Each agent had proved Fred a written price opinion, which is called
a comparable market analysis (CMA). Two agents had recommended a similar
price, and the other had suggested a price that was a bit higher.
Fred said one of
the agents told him he could get $20,000 more than the other two agents
had quoted. The agent was so enthusiastic, believable and convincing
that Fred really believed this agent. After all what did Fred know
about market values? This agent was an expert.
"Buying" a Listing
What probably happened is the agent "bought" the listing
by quoting Fred a higher price during his presentation, knowing that
Fred's house would never really sell at that price. More likely than
not, the agent intended to wait a few weeks before convincing Fred
to lower the price.
This is commonly called "buying a listing."
Fred's situation demonstrates a valuable lesson for sellers: if one
agent quotes you a significantly higher price than the others, that
agent is probably not the right one for you. The market doesn't lie,
so each agent you deal with should arrive at a very close figure.
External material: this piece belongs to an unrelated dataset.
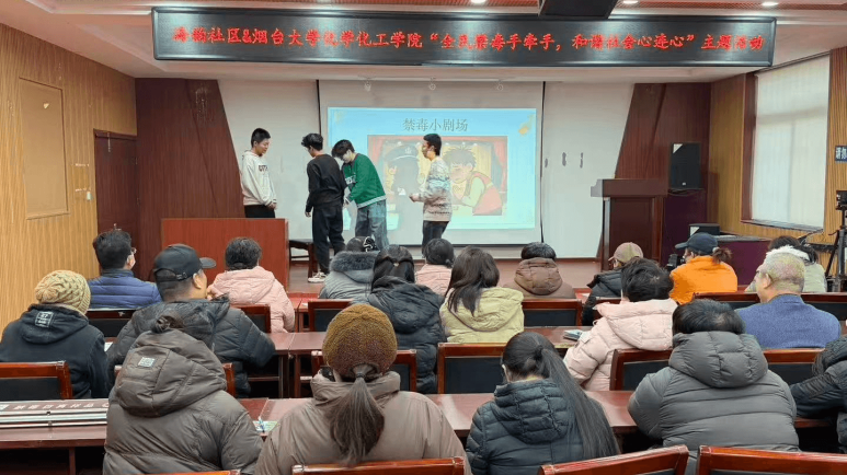 为进一步筑牢社区禁毒防线,提升居民识毒、防毒、拒毒意识,2025年12月11日,烟台大学“猎冰”禁毒志愿服务宣讲队与志愿服务部在福山区海韵花园联合开展了以“全民禁毒手牵手,和谐社会心连心”为主题的禁毒活动。

If you list your house higher than market value then drop your price
later, your house will be "market worn." Your final selling
price will probably be lower than if you had listed it correctly in
the beginning..
Let's say you list your house for $150,000 but it's really worth $140,000.
Buyers in the $140,000 range will never see your house because they're
not looking at $150,000 houses. They can't afford them. And $150,000
buyers will be comparing your house to others that are truly worth
that price, meaning those houses will sell while yours just sits there.
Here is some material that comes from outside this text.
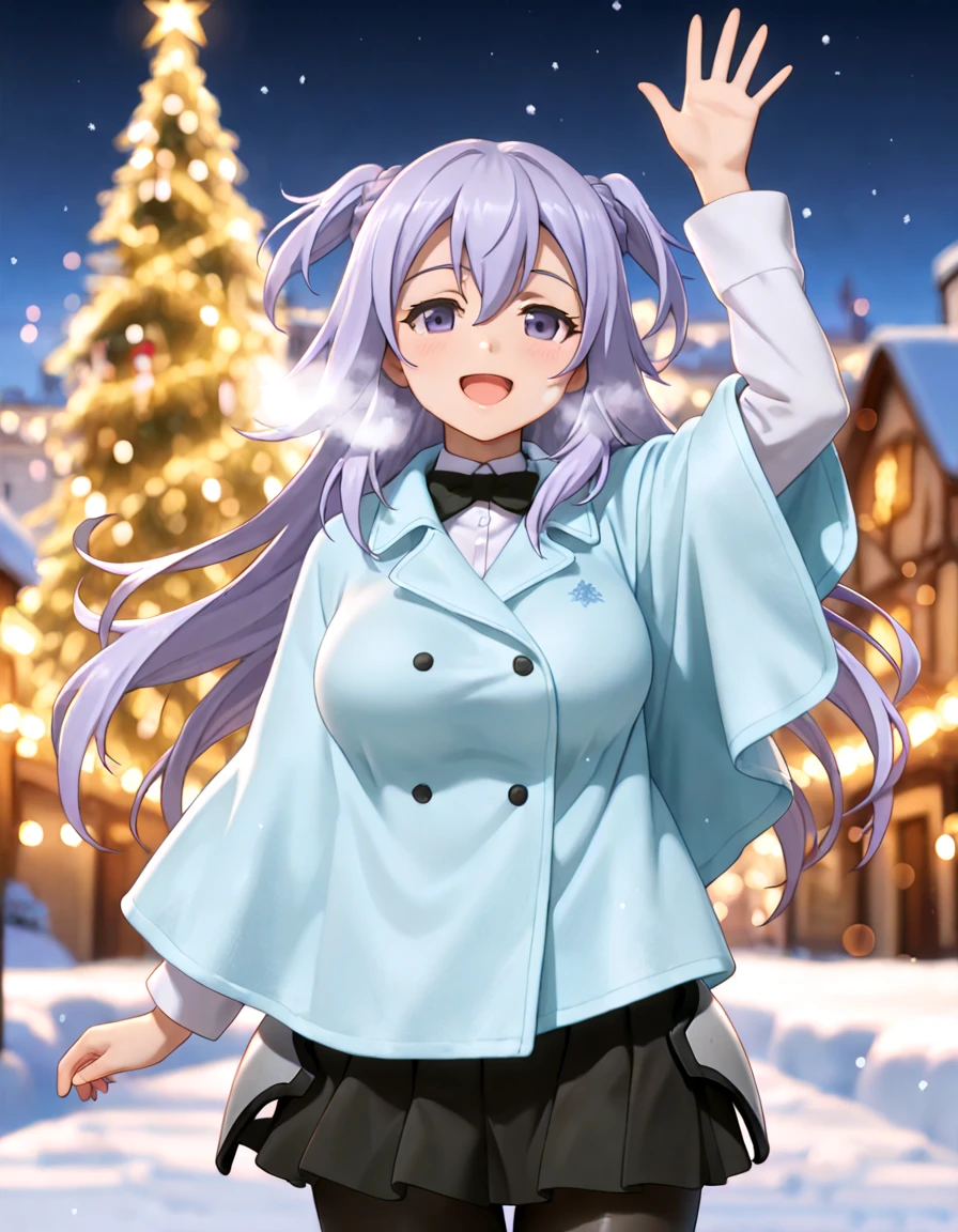 aqua poncho, white shirt, long sleeves, black bowtie, black skirt, pleated skirt, hip armor, black pantyhose, white boots

In fact, many agents will show an overpriced house for comparison
when they're trying to sell their listings that are more realistically
priced.
Why do Some Owners Overprice?
Often it's on their agent's advice, which we just discussed. Another
reason they'll overprice is based on past value. Assuming a house
appraised for $140,000 three years ago, they'll add an annual appreciation
rate of three, four or five percent to come up with $150,000 or more.
Makes sense, right? But that's not valid reasoning. I've never found
any research to indicate that a home is guaranteed to appreciate.
Your house is worth what today's market says it's worth, regardless
of what the house was worth one, two, five or ten years ago.
Comparing Home Prices to Stocks
Houses are just like stock. Hopefully they go up in value. Sometimes
they come down. If you paid fifty dollars for one share of CISCO stock
two years ago and it's valued at $20 per share now, would you expect
to sell your stock at what you paid ($50) plus a profit? Of course
not. Well your house is the same. A property's value is determined
by today's market, not by yesterday's value plus appreciation.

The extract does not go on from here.